The number of new coal plants has declined sharply from the past because of increasing competition from natural gas and solar, she says. These latter two energy sources have seen their costs fall in recent years. At the same time, coal-fired facilities face impending, expensive environmental regulations that will reduce air pollution and carbon dioxide emissions.

Some 4,350 MW of new electrical power plant capacity was installed during the first six months of 2014, accoding to the study by EIA, an independent research arm of the Department of Energy. Natural-gas-powered facilities accounted for about half of that and another one-quarter was solar installations. Wind installations were about one-eighth of the total.

The study shows a continuing trend toward greater U.S. dependence on natural gas, with a steady increase from previous years.

For solar, the growth over the past two years is striking. In 2012, solar energy was less than 6% of new capacity. In 2013, it was 22% of new additions. For the first half of 2014, solar accounted for more than one-quarter of new additions, almost twice that of the first half of 2013.

This growth is the result of both state requirements that force electric utilities to purchase renewable energy and the declining costs of solar panels, Lee says. To meet the state requirements, utilities have turned to large solar fields rather than encourage construction of small, kilowatt-sized, rooftop solar installations.

About three-quarters of solar installations put on-line in the first half of the year were in California and were utility-scale solar-concentrating and photovoltaic solar fields. These large solar installations have helped spur a drop in solar panel prices, making solar more economically competitive with other forms of electricity generation, Lee says. She points to a recent electricity purchase by Austin Energy, a utility in Austin, Texas, in which solar-generated electricity was 5 cents per kWh, making solar the utility’s cheapest source of electricity.

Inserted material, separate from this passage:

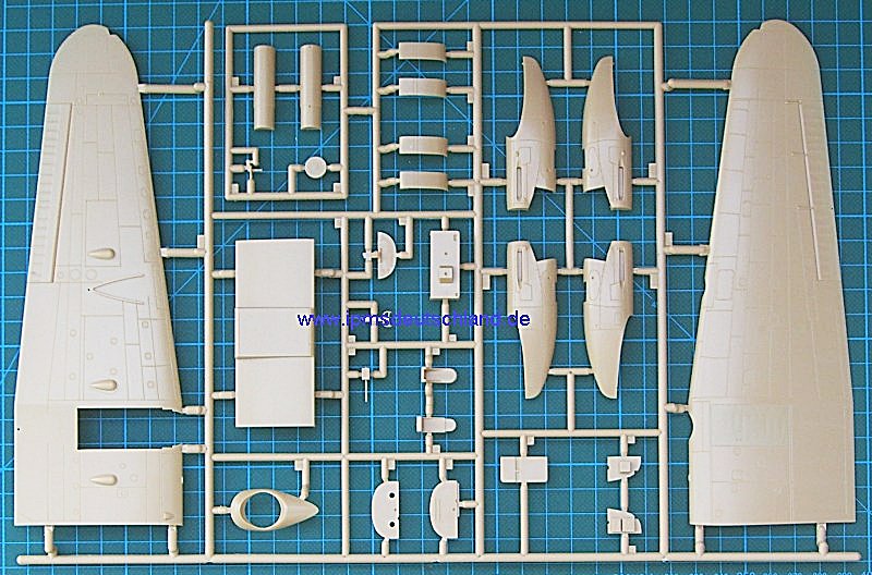 Spritzlinge: Es gibt nichts, was man nicht besser machen kann. Das hat man sich im Hause Revell Deutschland in Bünde auch gesagt und so hat man dort eine neue Avro Lancaster (1/72) in der Entwicklung. Der erste Eindruck ist hervorragend obwohl bei den vorliegenden Spritzlingen noch nicht alle Details endgültig sind. Das betrifft vor allem das Cockpit. Hier sind die Details schon recht schön. So gibt es erhabene gravierte Instrumentenbretter. Auch die Rumpfseiten im Besatzungsraum sind mit Paneelen versehen. Das sieht echt toll aus. Die Waffenstände sind gut reproduziert. Im Rumpf wird ein massiver Holm verarbeitet auf dem die Tragflächen dann nur aufgeschoben werden.

The installations for the first half of the year also show a strong preference for large, highly efficient combined-cycle natural gas power plants.

In 2013, natural gas additions to the U.S. power fleet were divided about equally between combustion turbine “peaker plants” and combined-cycle plants. Turbine-driven peaker plants generally are only used during peak-demand hours. In contrast, higher efficiency, more economical combined-cycle plants are larger and more expensive than turbine-only power plants. They use residual heat, lost from turbines, to generate more electricity and are considered electricity generation workhorses, providing base-load, around-the-clock power.

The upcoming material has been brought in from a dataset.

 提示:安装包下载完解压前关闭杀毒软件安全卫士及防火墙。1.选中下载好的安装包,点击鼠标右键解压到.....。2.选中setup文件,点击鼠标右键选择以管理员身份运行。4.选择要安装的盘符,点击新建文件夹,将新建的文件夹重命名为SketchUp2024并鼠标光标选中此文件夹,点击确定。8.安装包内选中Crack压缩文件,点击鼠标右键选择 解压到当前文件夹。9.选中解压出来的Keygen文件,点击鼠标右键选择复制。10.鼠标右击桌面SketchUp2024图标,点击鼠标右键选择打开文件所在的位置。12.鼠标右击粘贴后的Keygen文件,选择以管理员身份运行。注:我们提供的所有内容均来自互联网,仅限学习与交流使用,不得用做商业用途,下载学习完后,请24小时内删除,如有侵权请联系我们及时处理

Despite the decline in new coal facilities, coal-fired power plants of all ages still produce the largest share of U.S. electricity, about 40%. The past two years, however, have been rough for new coal facilities. Two plants were expected to begin operation in 2013, but the openings of both are delayed, Lee says. One, in Texas, is a traditional power plant stalled by equipment failures. The other is an Indiana coal gasification facility experiencing difficulties with the application of gasification technology to electricity generation.

Nonetheless, by year’s end, Lee said, a small North Dakota coal power plant will come on-line and next year, the long-delayed Kemper gasification plant in Mississippi is to begin operation.

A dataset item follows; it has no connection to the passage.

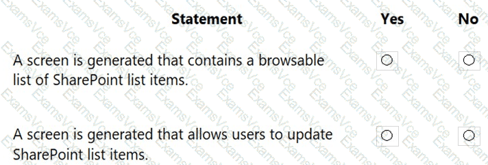You create a canvas app by using the Generate from data feature. The app connects to a Microsoft SharePoint list.
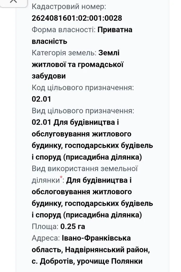 Цільове призначення: Для будівництва і обслуговування житлового будинку.

Overall, the trend shows the impact of the flood of natural gas from hydraulic fracturing and the decline in the price of large-scale solar installations. Most of the natural gas installations during the first half of this year were in Florida, Utah, and Texas—states with growing populations and increasing access to natural gas.

Gas’s growth for the first half of the year is below that of last year, Lee says. But much of last year’s growth was in quickly installed peaker gas plants to offset the loss of the San Onofre nuclear power plant in California, she notes, which was shut down because of maintenance problems.

Lee adds that this year’s numbers continue a decadelong decline in the need for new electricity capacity. The growing use of electricity in the U.S., she says, is “offset by efficiency gains from new appliance standards and investments in energy-efficient equipment.”